P65 on Hasselblad H2 with 50mm and 100mm lenses.
P45+ on Mamiya with 55mm lens.
D3x with 24mm shift but also with 24-70mm zoom lenses.
Arca Swiss Monolith 8" x10" with 240mm lens Apo Symmar and Kodak Portra 160NC.
Toyo VX125 5" x 4" with 120mm Super Symmar HM and Kodak Portra 160NC, 400NC and 100G transparency.

All lenses were set on their optimum apertures. All exposures were exactly the same. As far as possible all shots were done at exactly the same time. However, we only had four tripods so the P45+ was shot a minute or two after. Framing was matched as closely as possible. The Nikon was shot in 5" x 4" mode. Digital files were processed in Capture One but the Nikon files were also processed in Aperture. The film was scanned by Core in London on a Screen 1045i by a very good, very experienced scanner operator.

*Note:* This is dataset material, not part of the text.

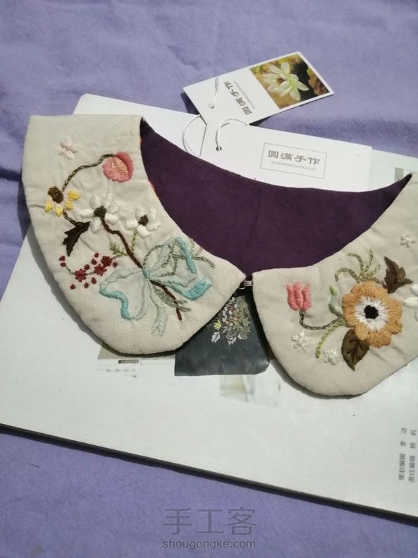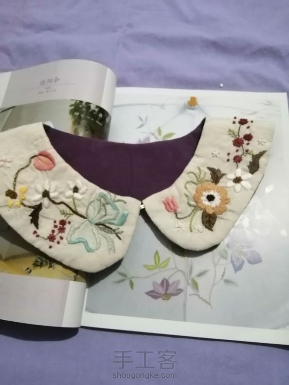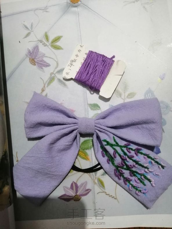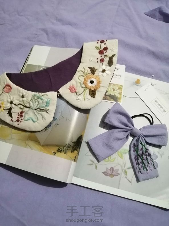 做了一个刺绣领子和一个薰衣草蝴蝶结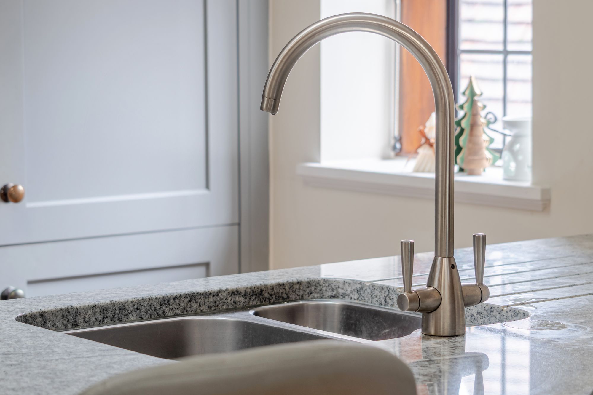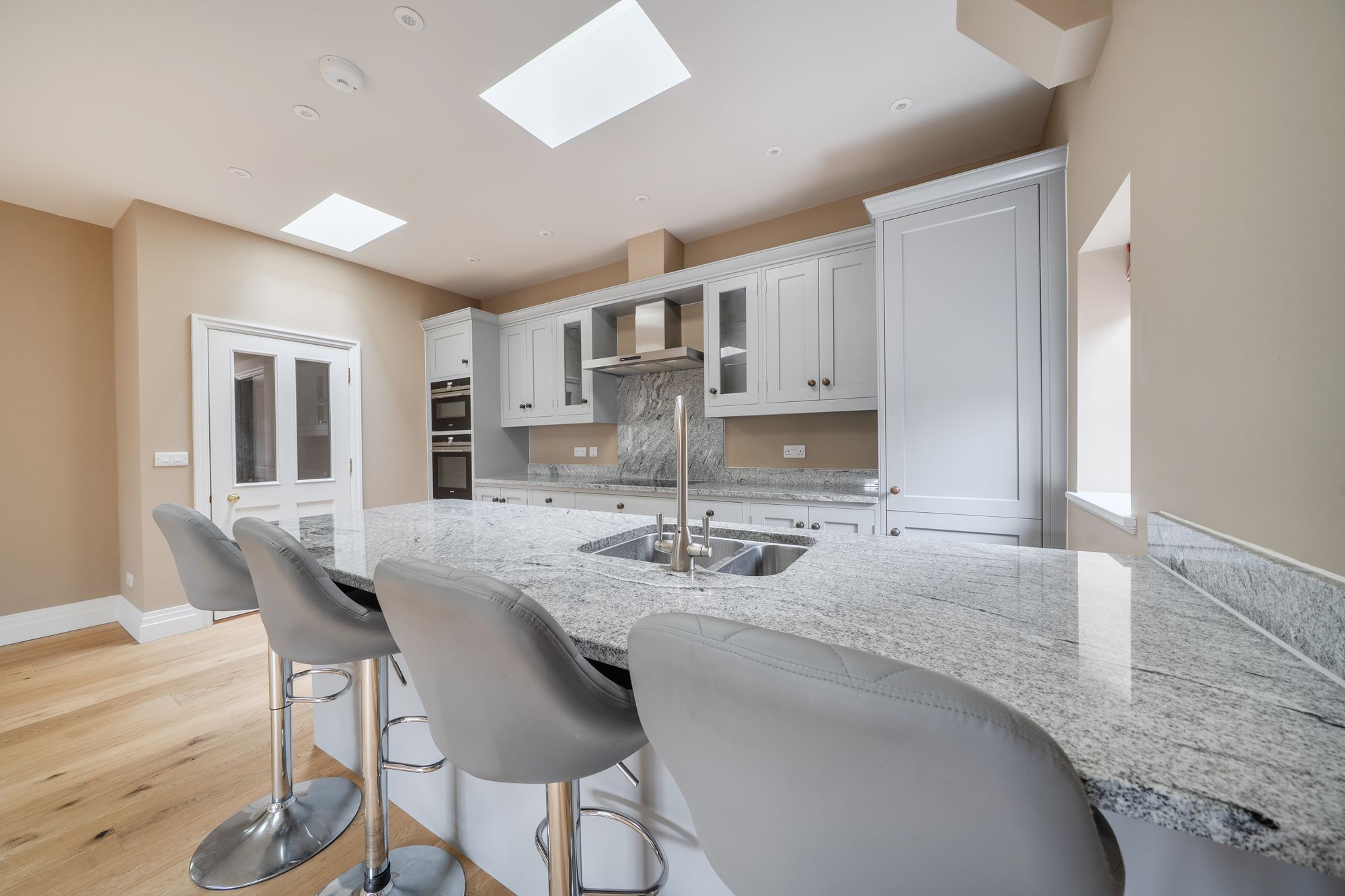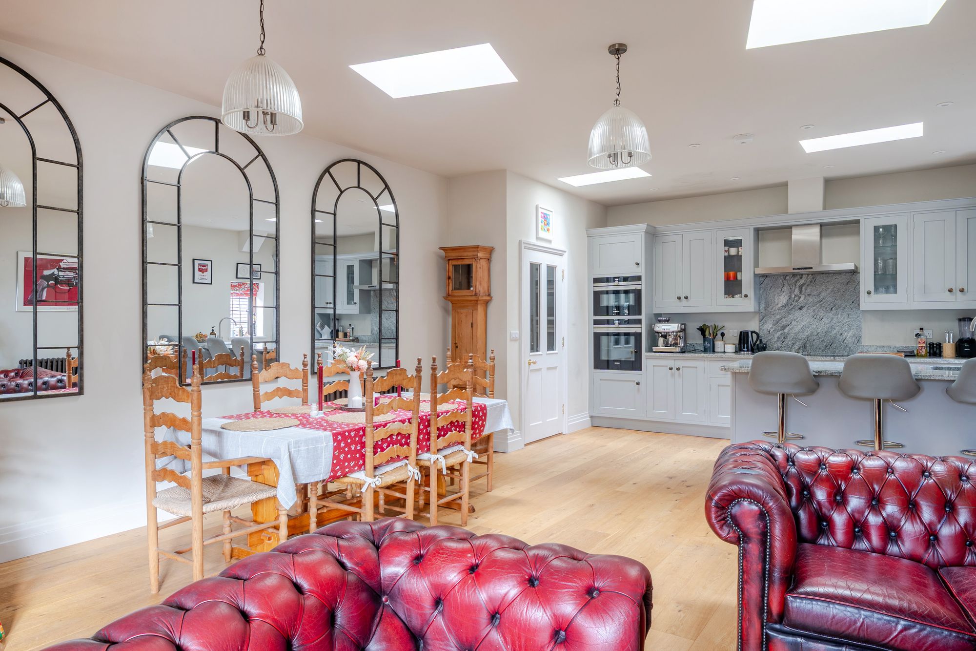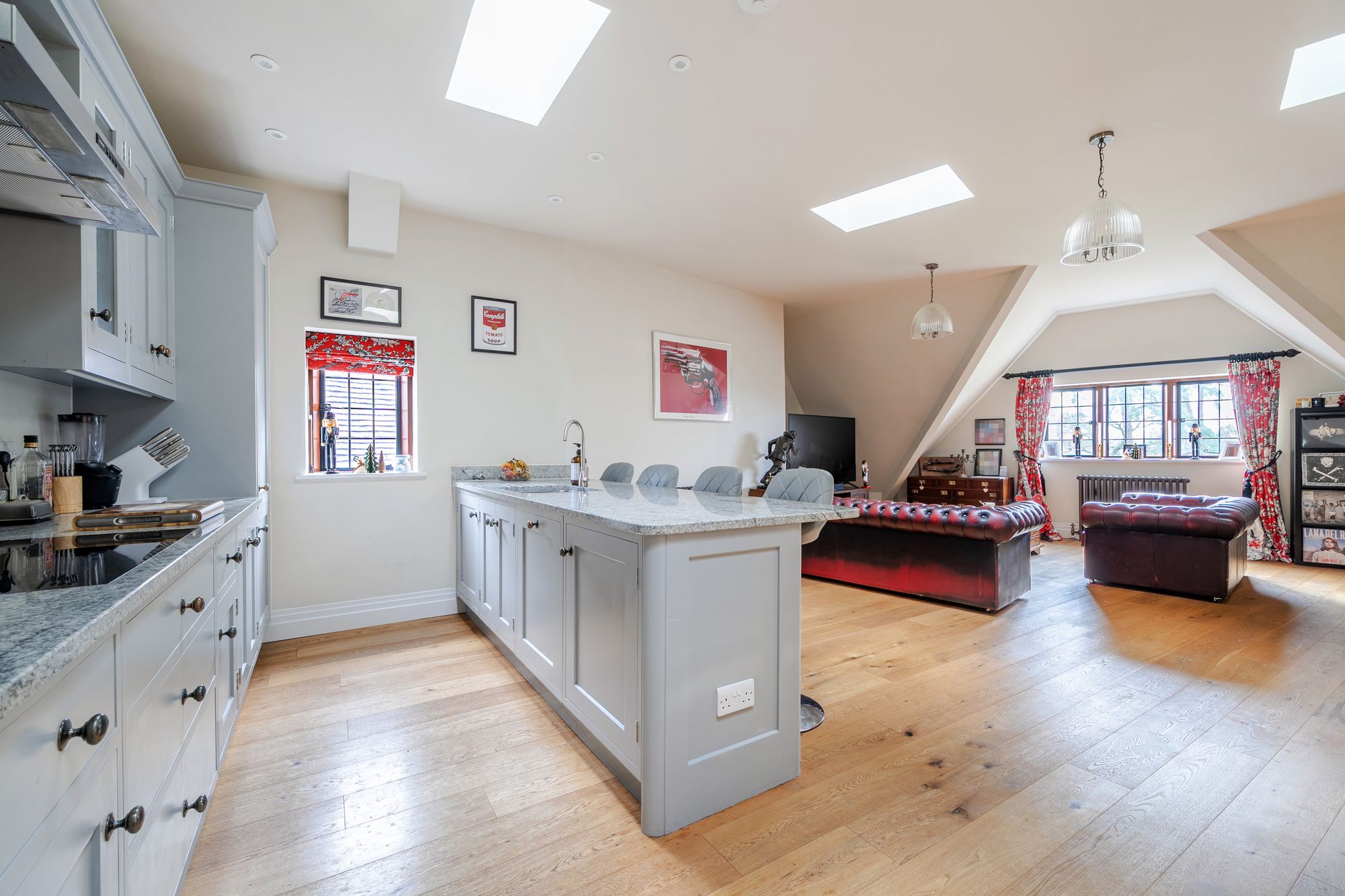 Upon entering, a welcoming entrance hall provides extensive built-in storage and leads through to a stunning double-aspect open-plan kitchen, sitting and dining room. Finished to a high standard with a superior specification, this impressive space is both stylish and practical. The kitchen features bespoke cabinetry, granite worktops and a central island incorporating additional storage and a breakfast bar, all beautifully complemented by oak flooring. The room comfortably accommodates a dining table and chairs, alongside a generous seating area positioned to enjoy the views through restored character windows, creating a light-filled and inviting environment.

The 8" x 10" has not been scanned yet.

What have we learned so far?

1. The P65 and the P45+ seemed to just out-resolve drum scanned 5" x4" negative film. It's something of a tie with the transparency.
The Nikon with either lens was significantly behind in resolution. There was quite bad CA on the 50mm Hasselblad lens but it was slightly sharper than the Mamiya 55mm. There didn't seem any substantial resolution advantage to the P65 over the P45+.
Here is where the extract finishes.